The idea is to split into three sublists. Iterate from the left end, totaling, until the total becomes negative. Do same from the right end. The max sum of consecutives is the largest of:
(i) Accumulation from the left end, up to just preceding the position where the left side sum became negative.
(ii) Accumulation from the right end, up to just following the position where the right side sum became negative.
(iii) A recursive call to handle the subsequence between just after the right sum went negative to just before where the left sum went negative.
I am fairly certain there are further efficiencies to be found, but this seems to work fairly well as it is.

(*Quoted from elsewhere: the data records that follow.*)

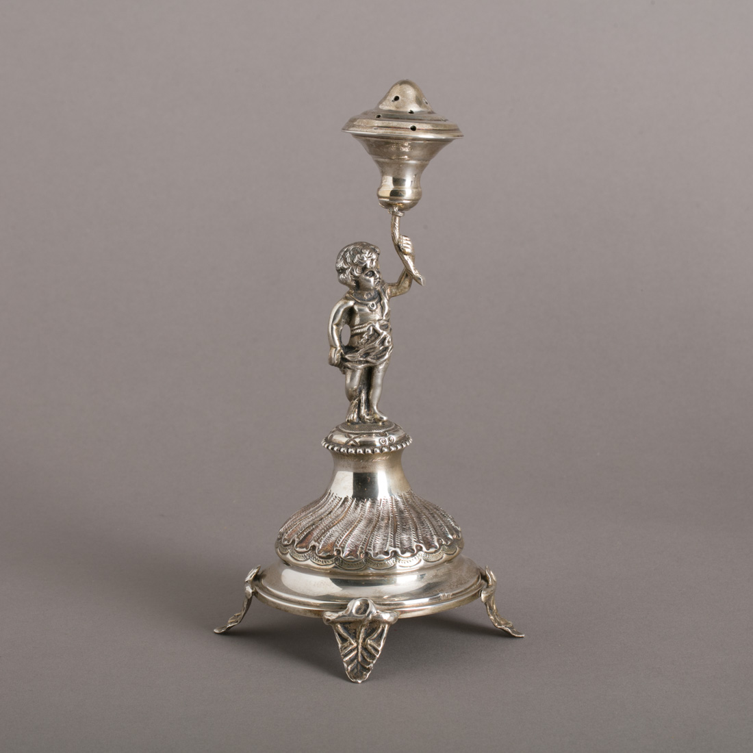 Em prata portuguesa contraste águia (pós 1985) de 925, decoração relevada, base redonda. Sinais de uso.
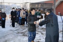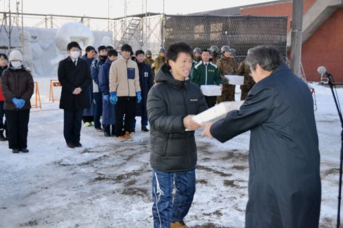 [写真/蝦名市長から差し入れを受け取る釧路北陽高校サッカー部の代表生徒 ]
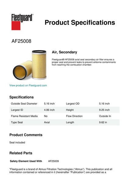 Fleetguard AF25008 Air, Secondary
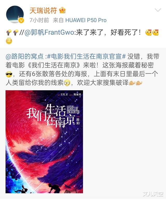 天瑞说符的《我们生活在南京》已经确定要出电影了,目前电影已经官宣。
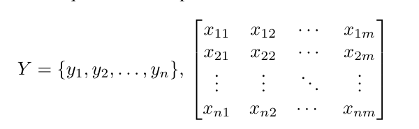 Y=\{y_1, y_2, \ldots, y_n\},\\
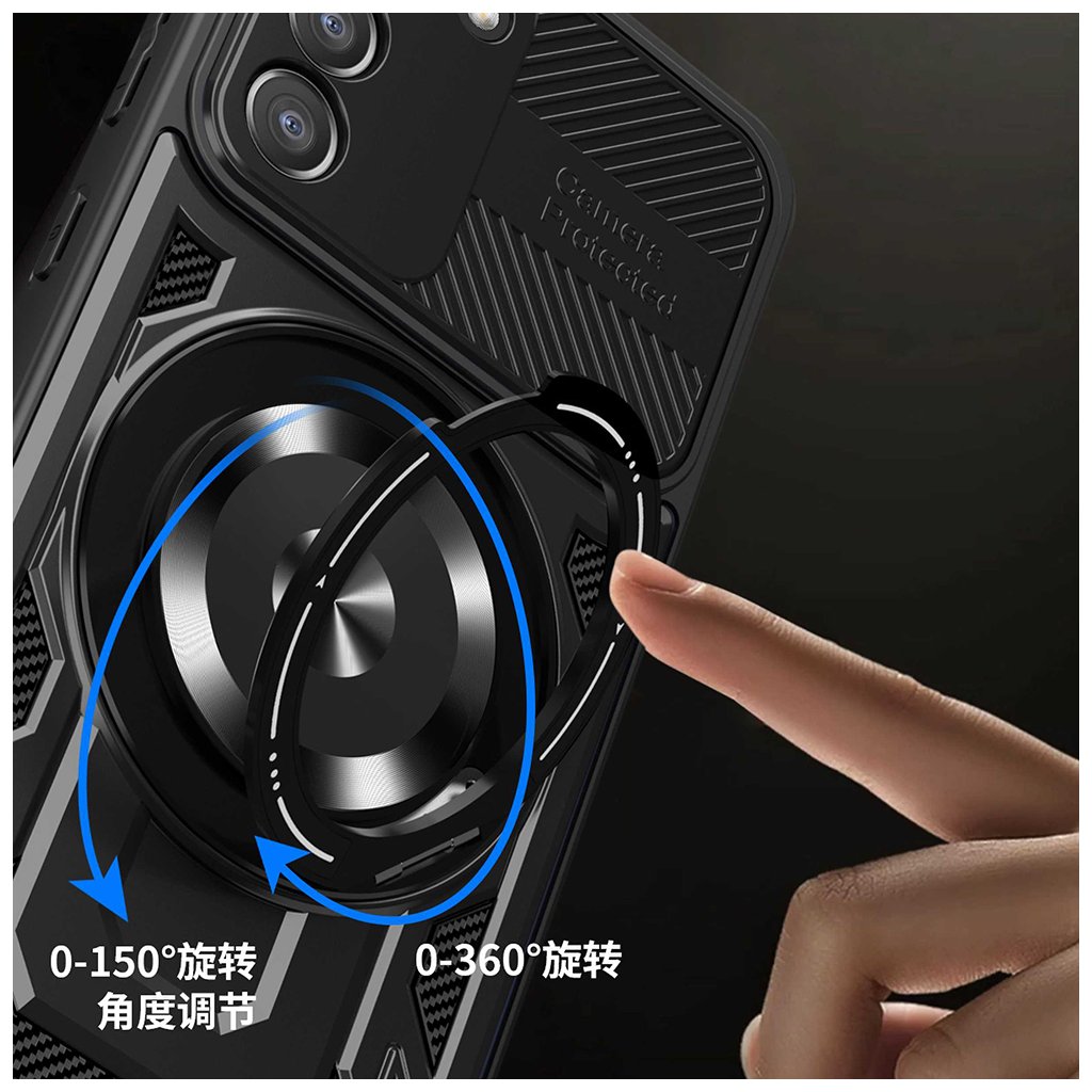 Integrovaný posuvný kryt fotoaparátu zaisťuje kompletnú ochranu objektívov pred poškodením a nečistotami, keď ich nepoužívate. Kľúčovým prvkom dizajnu je aj multifunkčný kovový krúžok na zadnej strane. Ten slúži ako praktický stojanček pre pohodlné sledovanie obsahu v režime na šírku aj na výšku, a zároveň ako bezpečný úchyt pre lepšiu manipuláciu s telefónom. Krúžok je otočný o 360° a nastaviteľný v uhle 0-150°, čo umožňuje flexibilné použitie. Uvnitř puzdra sa nachádza špeciálny vzor pre rýchly odvod tepla, ktorý pomáha udržať optimálnu teplotu zariadenia.
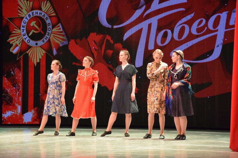 Она. Украшены фасады домов, повсюду развеваются флаги, из окон квартир звучит музыка. Все вокруг наполнено настроением праздника. Город, принаряженный в цветы и разноцветные воздушные шары, стал еще красивее.
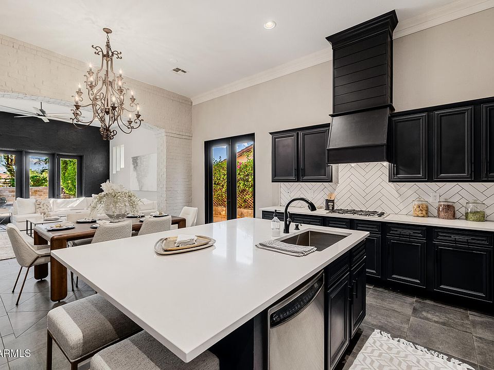 Nestled in the scenic Desert Uplands of Northeast Mesa, this exquisite Tuscan-contemporary residence is a rare gem set on a premium lot in one of the East Valley's most sought-after communities. Designed for both elegance and comfort, the home features 12-foot ceilings throughout, creating an airy, expansive ambiance that complements its sophisticated style and modern upgrades.
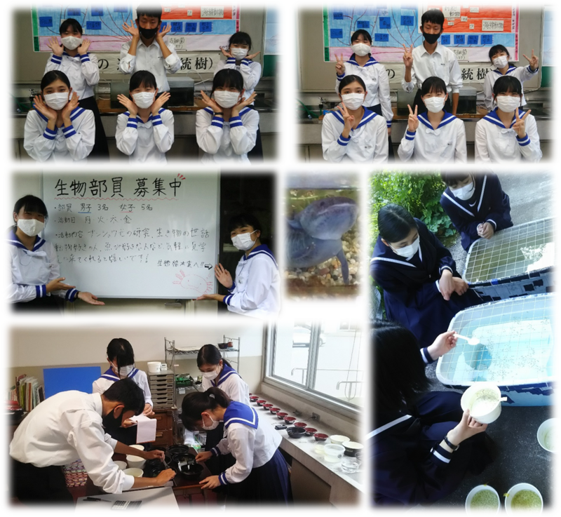 【生物部】活動報告 投稿日時 : 2022/05/20 学校サイト管理者 1年生が2名入部し、2年生6名に加えて総勢8名となり、にぎやかな生物部です。 サンショウモの研究、生き物の世話を中心に、さらなる研究テーマを模索中です!! 飼育しているウーパールーパーも大きくなりました!!
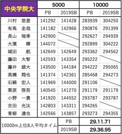 表3:中央学大の各選手記録と1万メートル上位8人の平均タイム
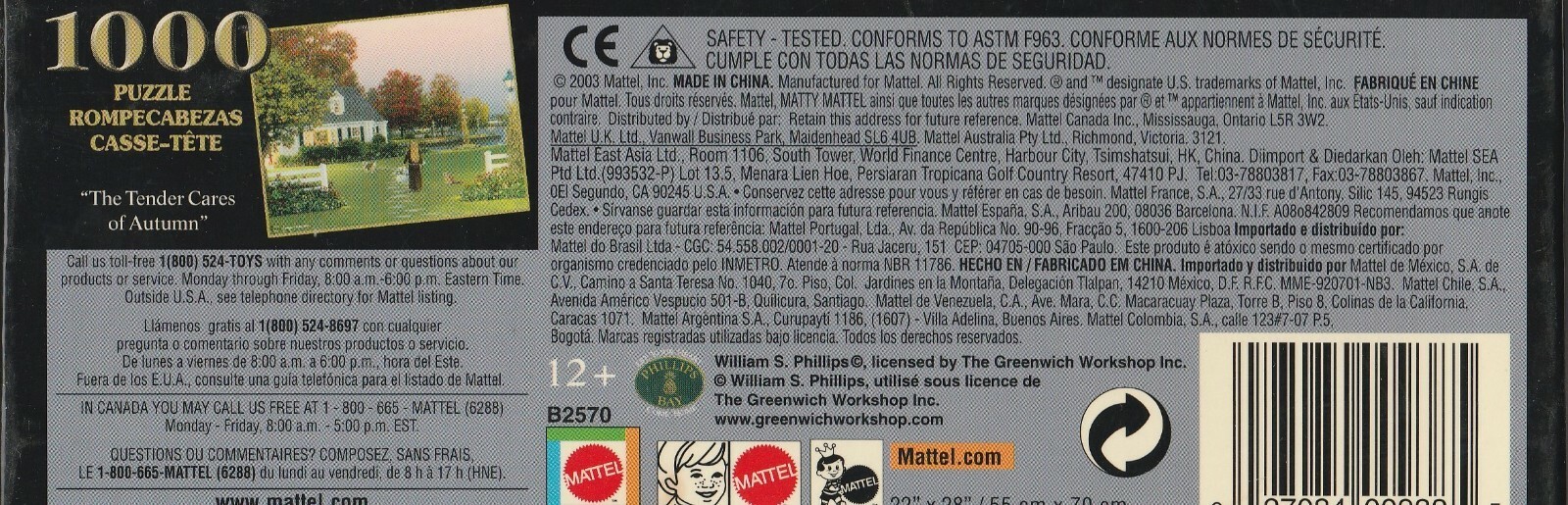 William Phillips 22" x 28" Jigsaw Puzzle by Mattel ~ 1000 pcs The Tender Cares
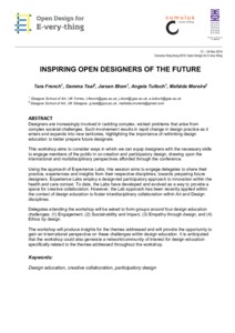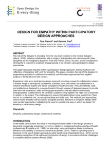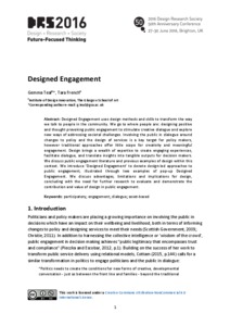 Designed EngagementTeal, Gemma and French, Tara (2016) Designed Engagement. In: 2016 Design Research Society 50th Anniversary Conference, 27 - 30 Jun 2016, Brighton, UK. |
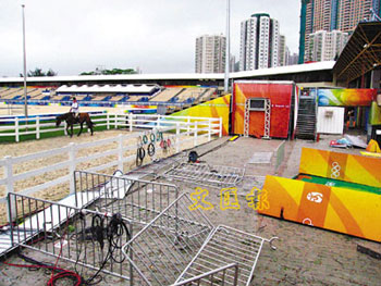 臺風“北冕”把香港奧運馬術沙田主場地旁的記者區(qū)裝飾物,吹得東倒西歪。(圖片來源:文匯報)
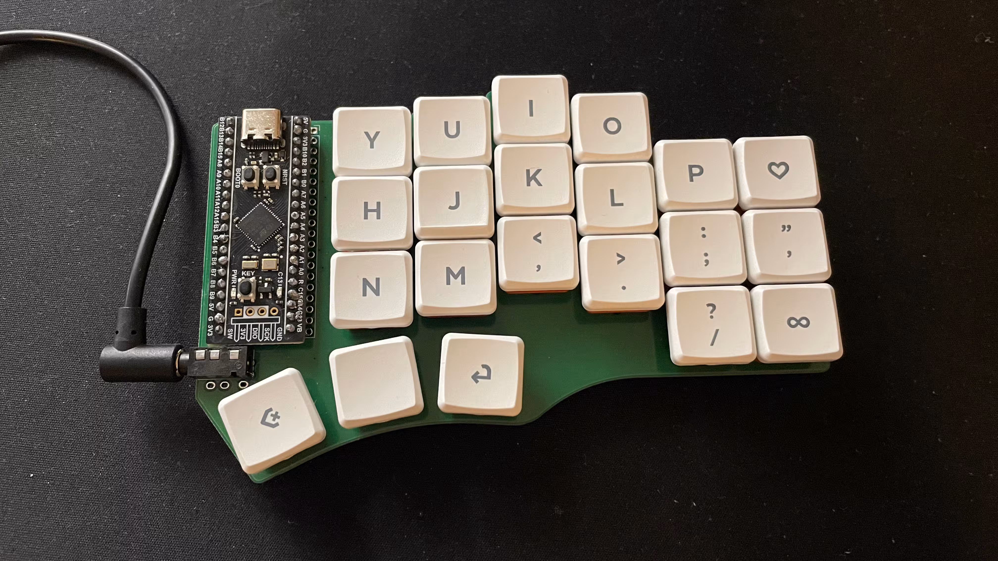 Unfortunately, I haven't found a keymap I'm happy with yet. I went in trying to figure one out on my own, but after much consternation I've decided to try something mostly inspired by the Miryoku layout. It's my first time trying out home row mods and I think they'll be a big help. It's feeling nice so far, but still slow.
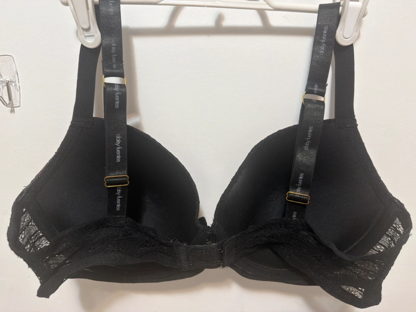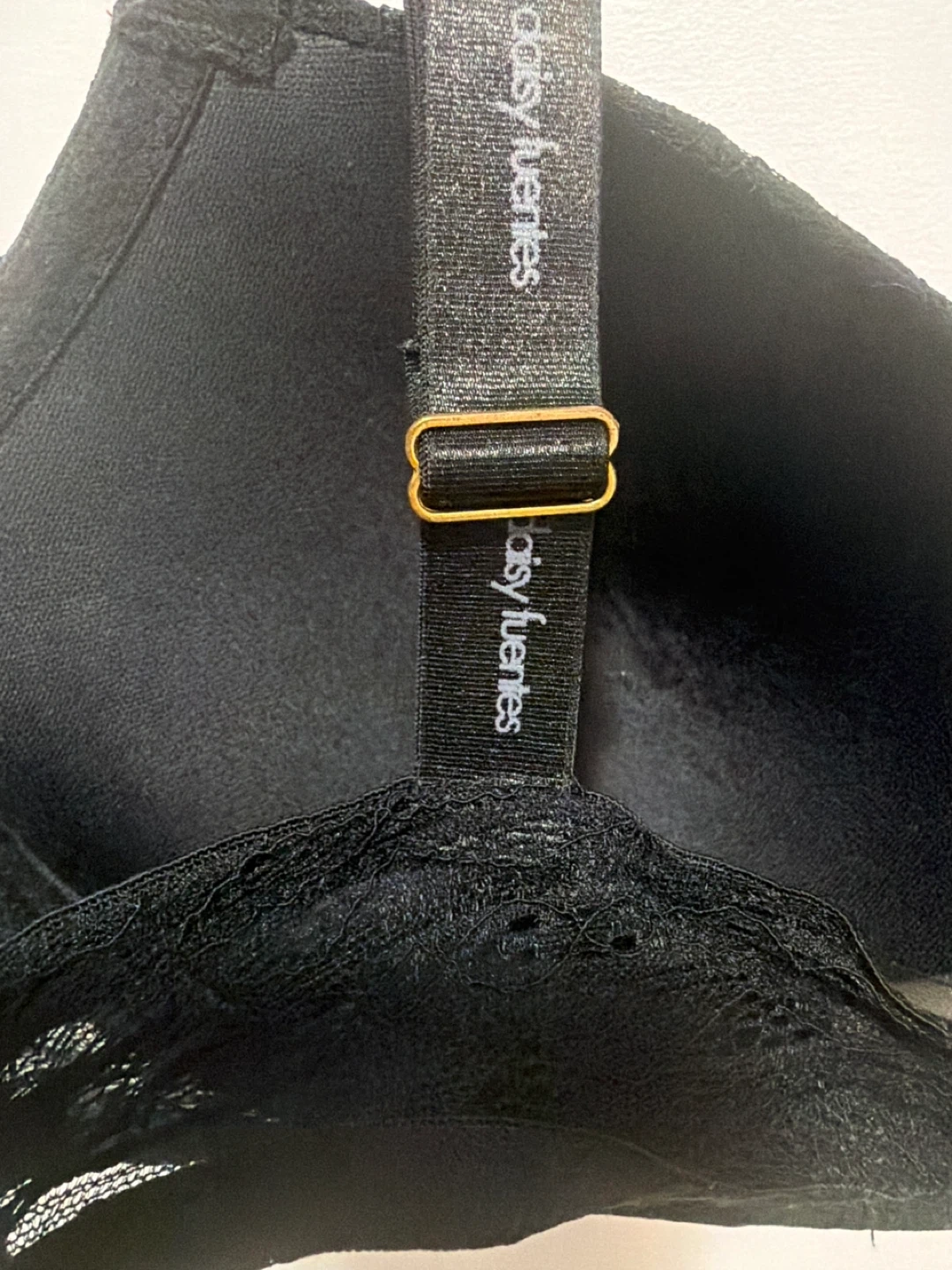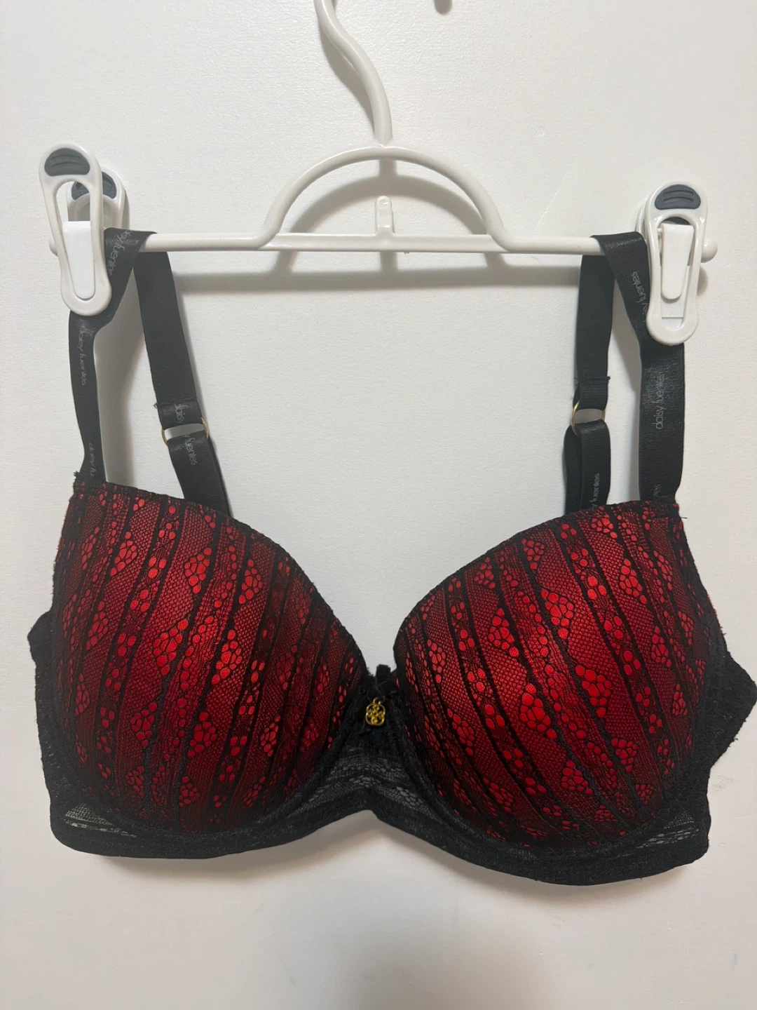 This Daisy Fuentes bra features a striking red lace overlay with black accents. It's a size 38D. Offers a stylish and supportive design.
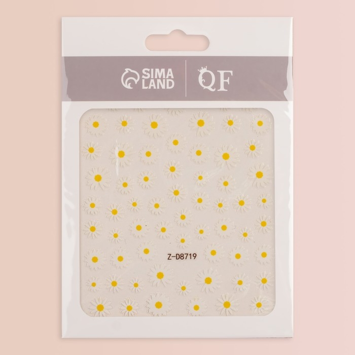 Наклейки для ногтей «Букеты ромашек», объёмные, цвет белый
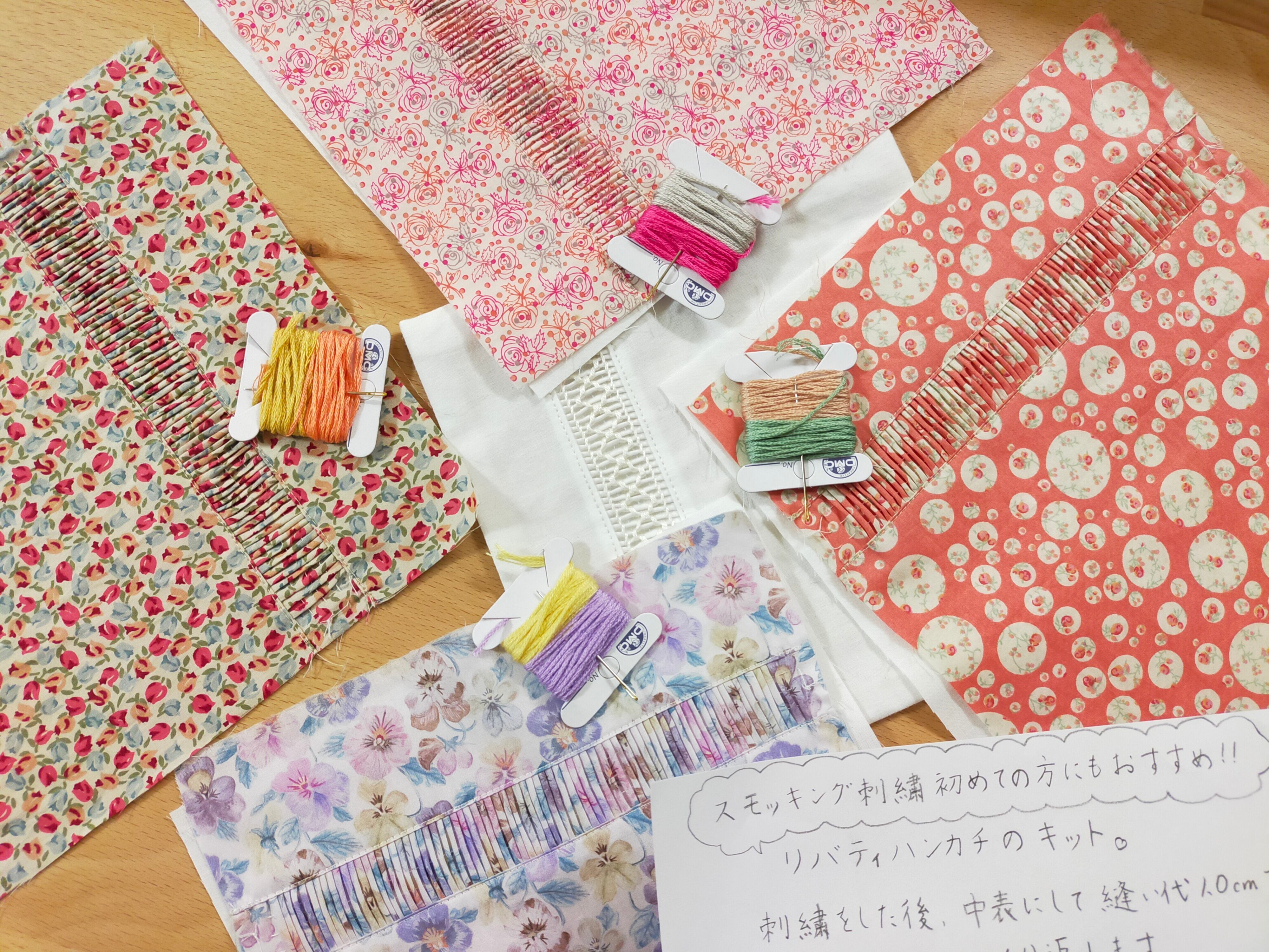 《キット》リバティプリントで作るスモッキング刺繍のハンカチキット
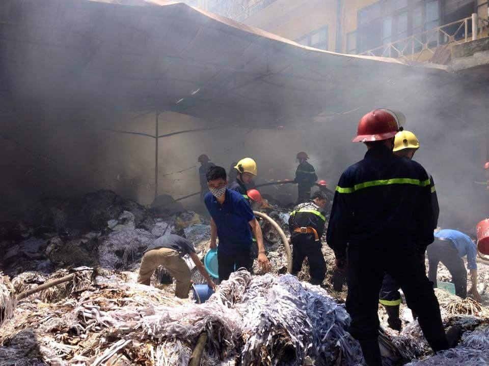 | Theo anh Sơn, vị trí xảy ra sự cố nằm sâu bên trong, cách mặt đường khoảng 50 m. Lực lượng cảnh sát PCCC chỉ có thể đưa 2 xe vào trong và dùng vòi rồng dập lửa, những xe khác tiếp nước từ xa. Một số công nhân viên công ty hỗ trợ đưa xe máy rời khỏi điểm trông giữ gần đó ra ngoài. Đồng thời, phối hợp với lực lượng chức năng tìm cách ngăn chặn ngọn lửa lan rộng. |
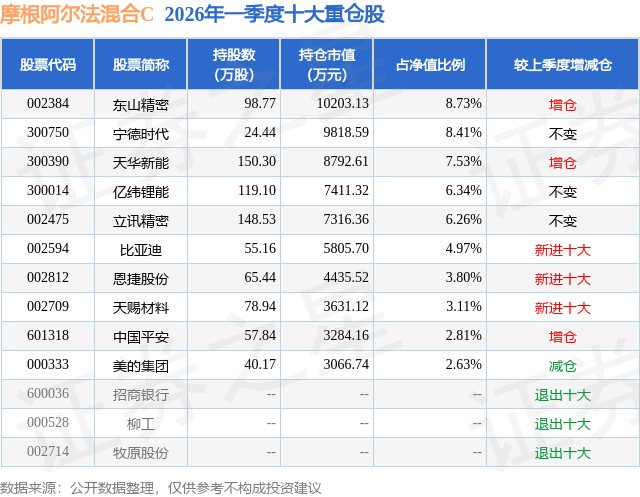 从基金规模来看,摩根阿尔法混合C基金2026年一季度公布的基金规模为0.12亿元,较上一期规模97.77万元变化了1079.26万元,环比变化了1103.92%。该基金最新一期资产配置为:股票占净值比89.41%,无债券类资产,现金占净值比10.82%。从基金持仓来看,该基金当季前十大股票仓位达54.59%,第一大重仓股为东山精密(002384),持仓占比为8.73%。

largestConsecSum2[ll_] := Module[
{len = Length[ll], hi, lo, rtot, ltot, max = 0},
hi = len;
rtot = ll[[hi]];
While[rtot > 0 && hi > 1,
hi--;
rtot += ll[[hi]];
];
lo = 1;
ltot = ll[[lo]];
While[ltot > 0 && lo < len,
lo++;
ltot += ll[[lo]];
];
If[hi == 1 && lo == len,
max = Max[Accumulate[ll]],
If[lo > 1,
max = Max[Prepend[Accumulate[ll[[1 ;; lo - 1]]], max]]];
If[hi < len,
max = Max[Prepend[Accumulate[ll[[len ;; hi + 1 ;; -1]]], max]]];
If[lo < hi - 1,
max = Max[{max, largestConsecSum2[ll[[lo + 1 ;; hi - 1]]]}]];
];
max
]
It seems to give the right results, or at least is in agreement with what I believe is the fastest prior answer.
In[115]:= Table[
llbig = RandomInteger[{-100, 100}, n];
t1 = Timing[ls = LargestContiguousSum[llbig]];
t2 = Timing[ls2 = largestConsecSum3[llbig]];
{t1[[1]], t2[[1]], t1[[2, 1]], t2[[2]]}
,
{n, 2^Range[12, 14]}]
(* Out[115]= {{0.032, 0.004, 3125, 3125}, {0.06, 0.012, 6308,
6308}, {0.208, 0.02, 8360, 8360}} *)
I'll give some thought to removing the recursion.
--- edit ---
Here is it made nonrecursive.
largestConsecSum2[ll_] := Module[
{len = Length[ll], hi, lo, rtot, ltot,
max = 0, oldlo = 1, oldhi},
oldhi = len;
j = 0;
While[oldlo <= oldhi, j++;
hi = oldhi;
rtot = ll[[hi]];
While[rtot > 0 && hi > oldlo,
hi--;
rtot += ll[[hi]];
];
lo = oldlo;
ltot = ll[[lo]];
While[ltot > 0 && lo < oldhi,
lo++;
ltot += ll[[lo]];
];
If[hi == oldlo && lo == oldhi,
max = Max[{max, Total[ll[[oldlo ;; oldhi]]]}];
Break[],
If[lo > oldlo,
max = Max[Prepend[Accumulate[ll[[oldlo ;; lo - 1]]], max]]];
If[hi < oldhi,
max =Max[Prepend[Accumulate[ll[[oldhi ;; hi + 1 ;; -1]]], max]]];
If[lo < hi - 1, oldlo = lo + 1; oldhi = hi - 1;
,(*else*)Break[]
];
];
];
max
]
Quite fast now (as in linear time). Sometimes it's good to use pedestrian procedural code.
(* In[195]:= Table[
llbig = RandomInteger[{-100, 100}, n];
Timing[ls2 = largestConsecSum5[llbig]]
,
{n, 2^Range[10, 18]}]
Out[195]= {{0., 1749}, {0.004, 2065}, {0.004, 5653}, {0.012,
4145}, {0.016, 9293}, {0.04, 15855}, {0.08, 15299}, {0.156,
21753}, {0.304, 32417}} *)
--- end edit ---